▸ Your assignment:
Skip all pictures. Write out the data below from its first line through the line that contains "tài: 20 - 02".

Source records:

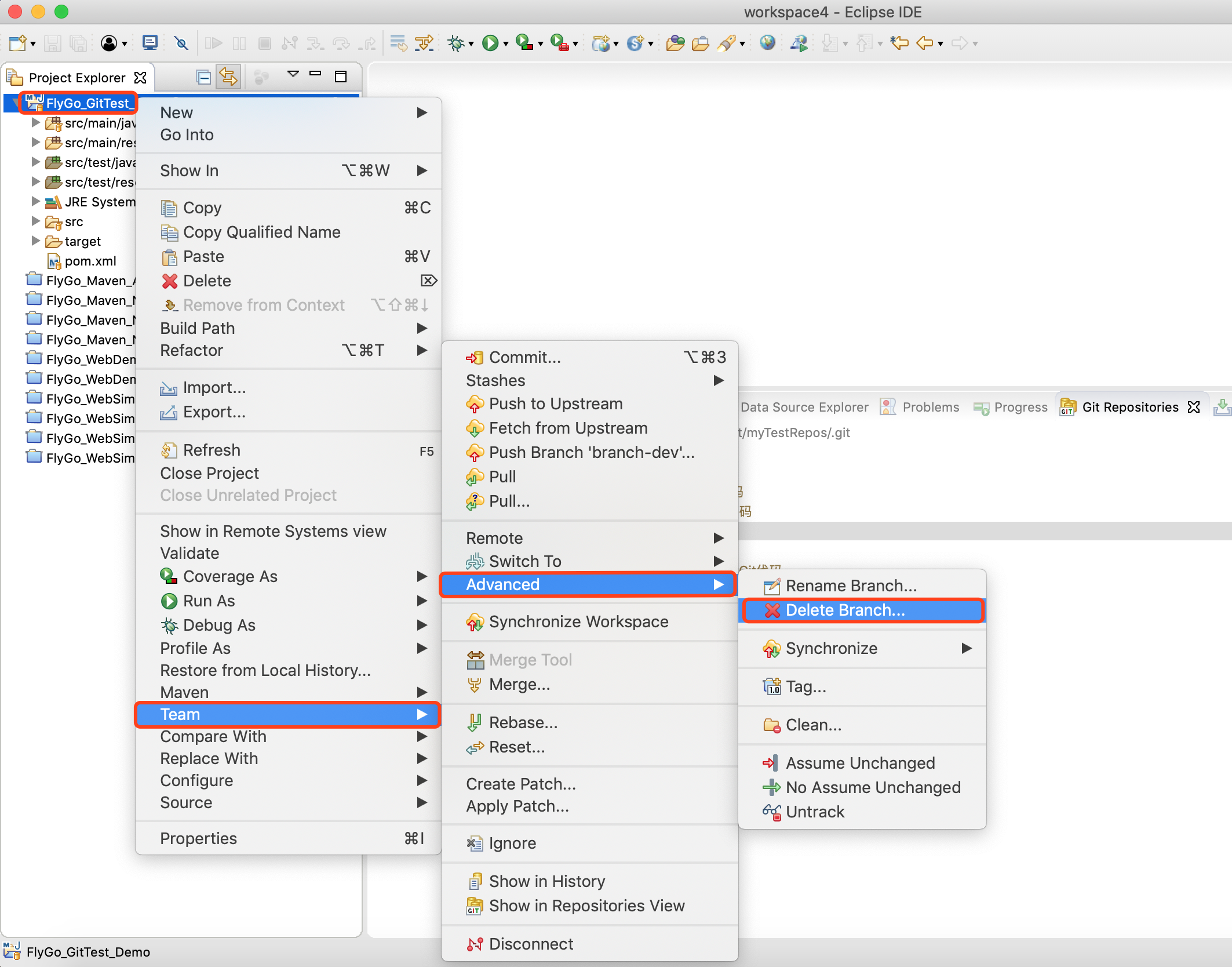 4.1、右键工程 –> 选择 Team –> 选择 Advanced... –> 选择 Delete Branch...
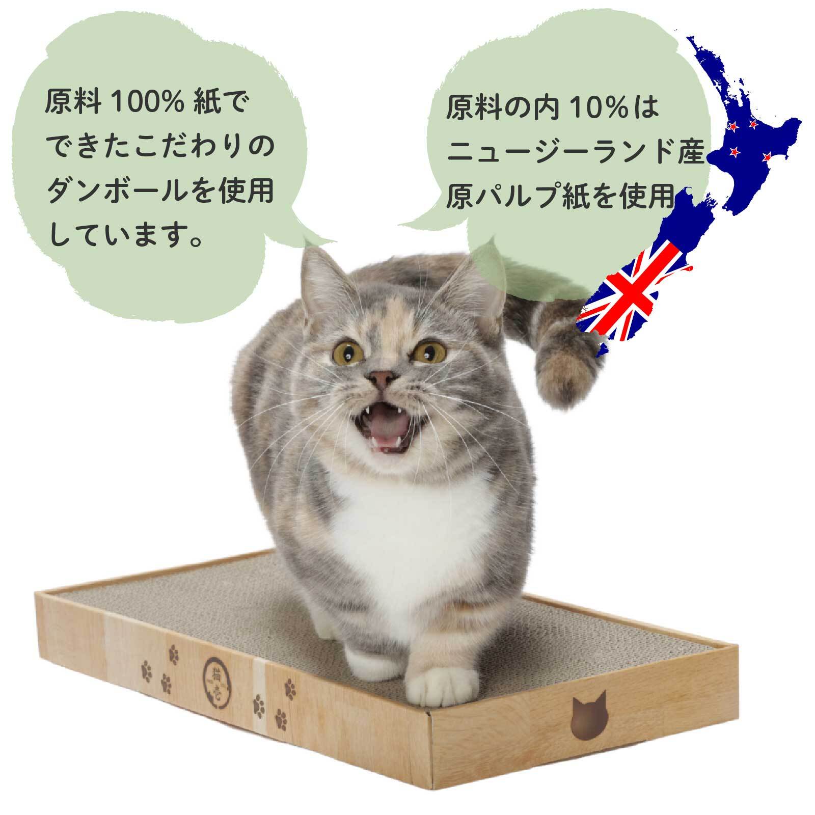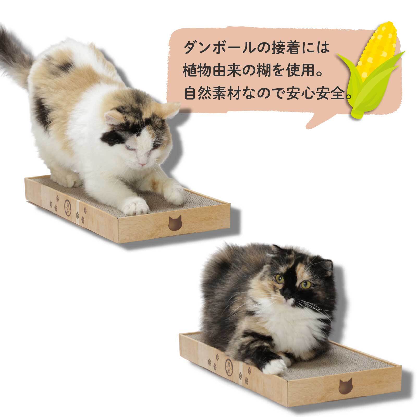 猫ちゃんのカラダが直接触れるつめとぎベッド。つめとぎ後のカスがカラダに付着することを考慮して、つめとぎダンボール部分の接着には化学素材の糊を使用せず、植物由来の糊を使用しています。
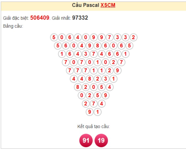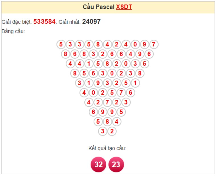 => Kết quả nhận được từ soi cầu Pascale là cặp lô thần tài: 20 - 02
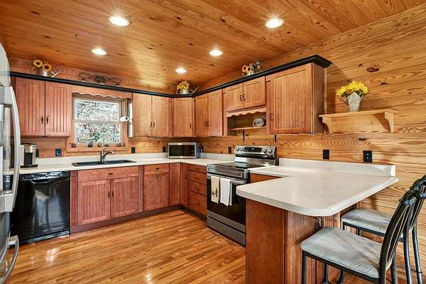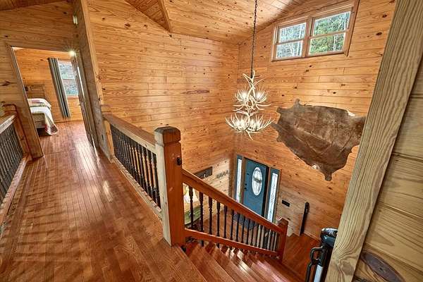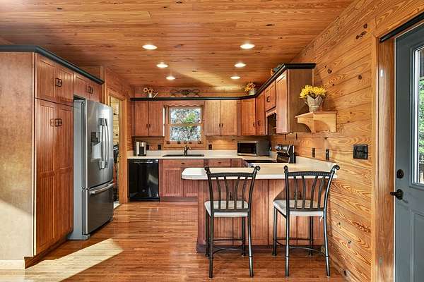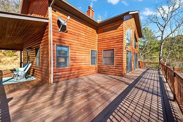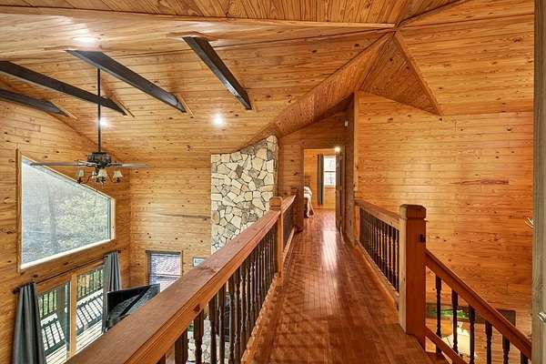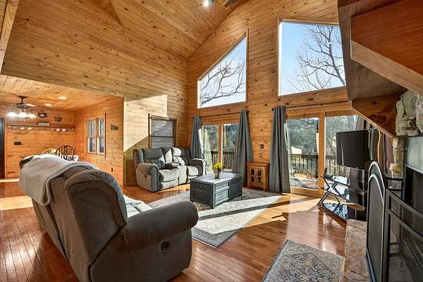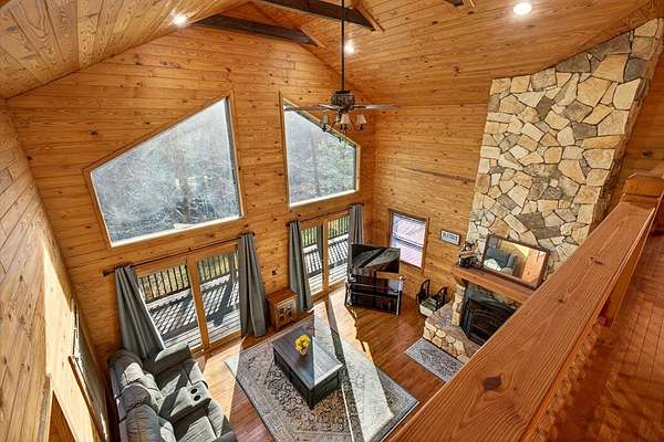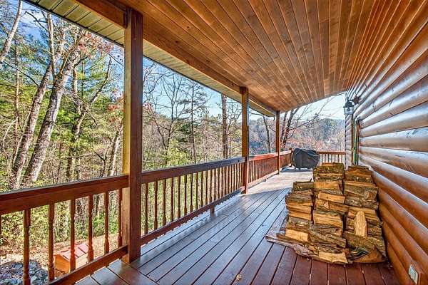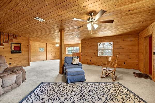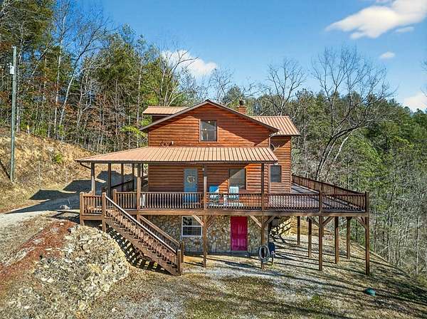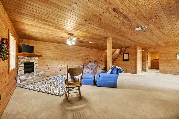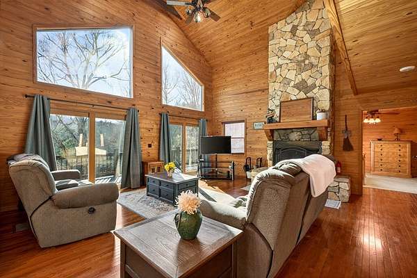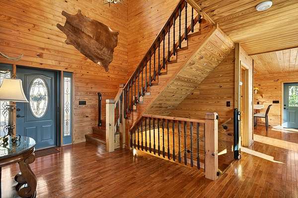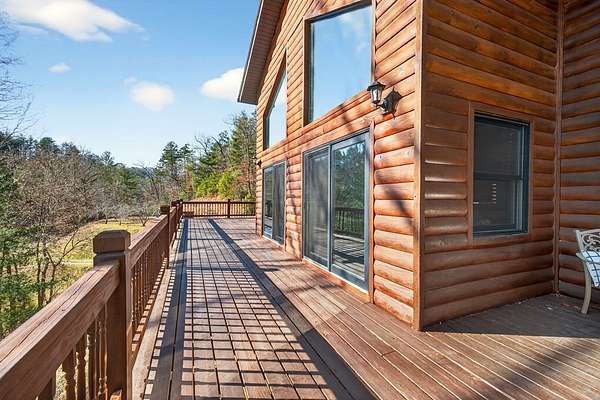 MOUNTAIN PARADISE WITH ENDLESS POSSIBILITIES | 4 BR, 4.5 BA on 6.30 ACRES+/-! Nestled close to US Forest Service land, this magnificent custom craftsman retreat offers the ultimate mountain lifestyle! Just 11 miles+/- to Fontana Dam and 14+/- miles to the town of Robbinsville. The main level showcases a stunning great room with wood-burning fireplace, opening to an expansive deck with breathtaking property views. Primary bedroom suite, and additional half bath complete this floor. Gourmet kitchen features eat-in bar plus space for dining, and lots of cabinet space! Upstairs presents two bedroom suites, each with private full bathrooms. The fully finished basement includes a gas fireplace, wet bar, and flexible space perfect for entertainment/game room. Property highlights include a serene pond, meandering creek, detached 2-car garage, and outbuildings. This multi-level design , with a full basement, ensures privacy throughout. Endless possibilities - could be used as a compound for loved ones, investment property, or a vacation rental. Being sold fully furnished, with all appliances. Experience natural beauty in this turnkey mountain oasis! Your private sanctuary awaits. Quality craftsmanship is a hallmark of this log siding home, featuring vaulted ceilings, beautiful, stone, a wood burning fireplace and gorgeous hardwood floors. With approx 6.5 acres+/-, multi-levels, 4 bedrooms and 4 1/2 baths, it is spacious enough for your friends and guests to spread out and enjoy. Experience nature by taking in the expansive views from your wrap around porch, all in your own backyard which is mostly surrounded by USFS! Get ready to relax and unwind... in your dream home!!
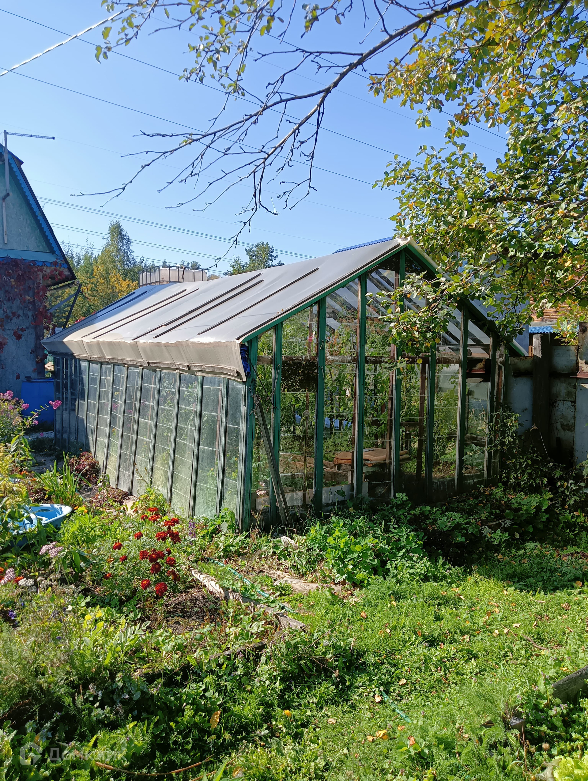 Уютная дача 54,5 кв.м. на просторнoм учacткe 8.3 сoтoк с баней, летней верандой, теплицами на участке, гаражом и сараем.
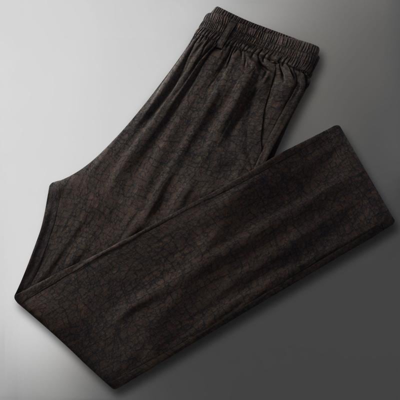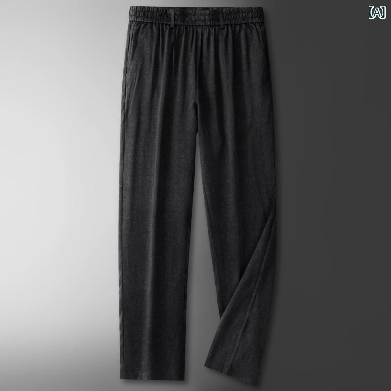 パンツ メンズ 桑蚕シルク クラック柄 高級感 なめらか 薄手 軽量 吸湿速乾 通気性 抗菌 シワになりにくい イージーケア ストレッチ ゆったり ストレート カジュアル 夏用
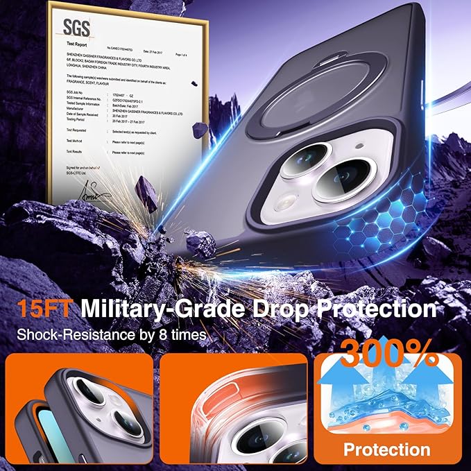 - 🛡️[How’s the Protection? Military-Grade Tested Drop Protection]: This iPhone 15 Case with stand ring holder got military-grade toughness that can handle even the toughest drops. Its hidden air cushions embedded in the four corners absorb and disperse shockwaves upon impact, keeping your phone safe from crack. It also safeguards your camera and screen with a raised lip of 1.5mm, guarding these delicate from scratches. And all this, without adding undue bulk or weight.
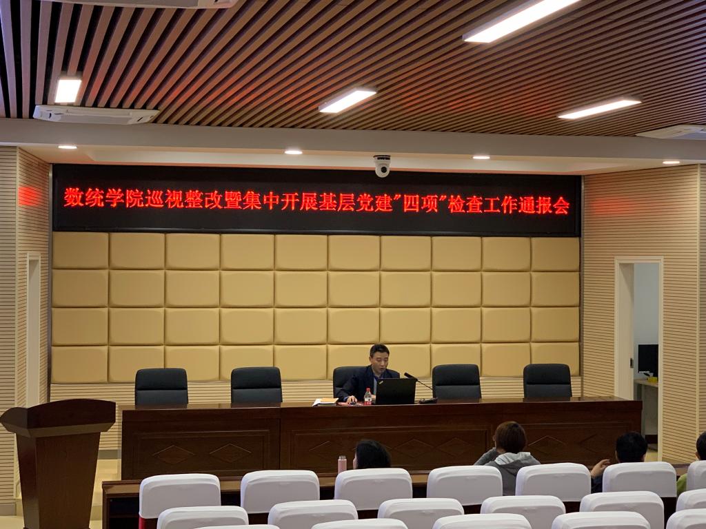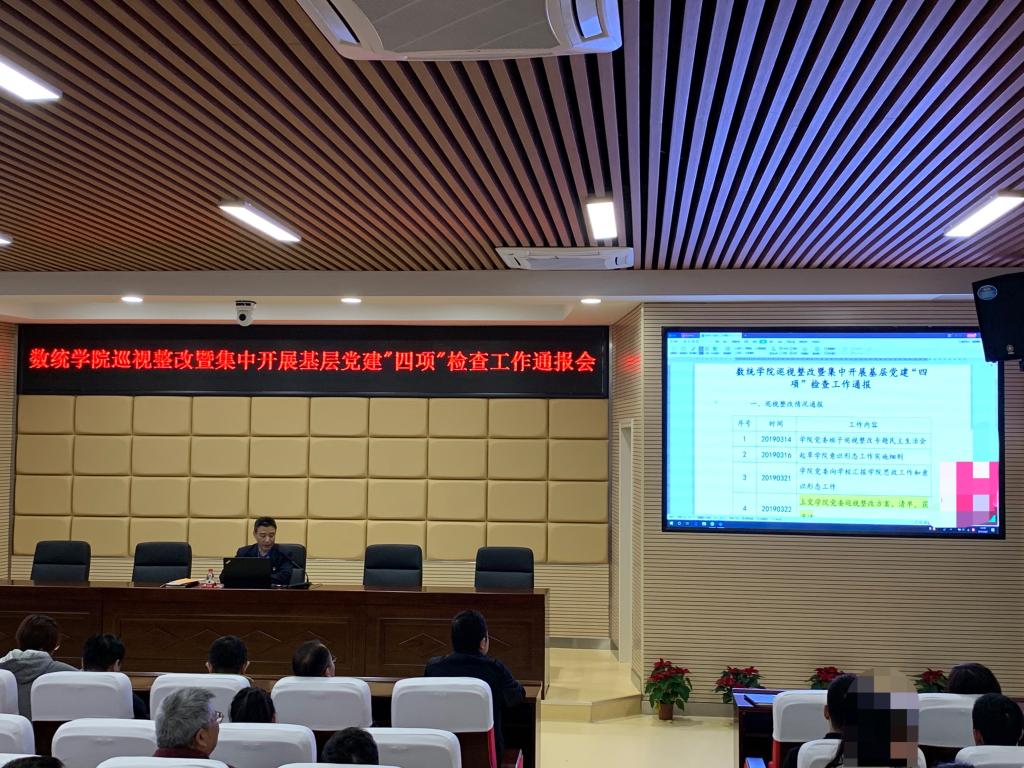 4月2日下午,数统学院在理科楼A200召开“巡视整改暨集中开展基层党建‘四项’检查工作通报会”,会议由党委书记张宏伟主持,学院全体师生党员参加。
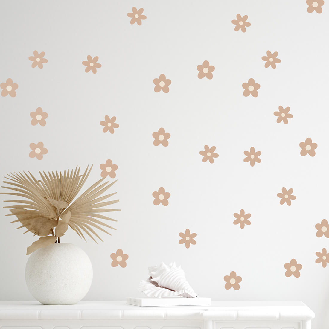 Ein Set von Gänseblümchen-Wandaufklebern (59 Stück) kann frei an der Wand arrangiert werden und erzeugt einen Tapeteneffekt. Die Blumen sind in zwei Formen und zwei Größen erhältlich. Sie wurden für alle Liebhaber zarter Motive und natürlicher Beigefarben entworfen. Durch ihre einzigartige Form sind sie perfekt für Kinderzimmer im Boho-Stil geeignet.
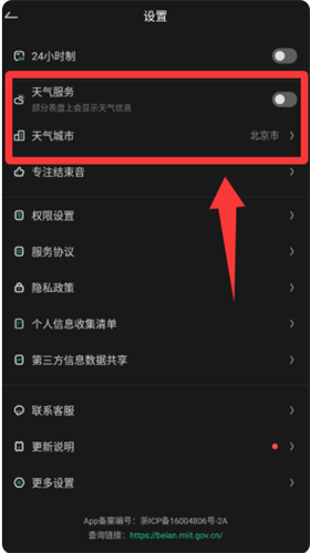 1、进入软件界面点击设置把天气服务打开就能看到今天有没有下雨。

▸ Written answer:
 4.1、右键工程 –> 选择 Team –> 选择 Advanced... –> 选择 Delete Branch...
 猫ちゃんのカラダが直接触れるつめとぎベッド。つめとぎ後のカスがカラダに付着することを考慮して、つめとぎダンボール部分の接着には化学素材の糊を使用せず、植物由来の糊を使用しています。
 => Kết quả nhận được từ soi cầu Pascale là cặp lô thần tài: 20 - 02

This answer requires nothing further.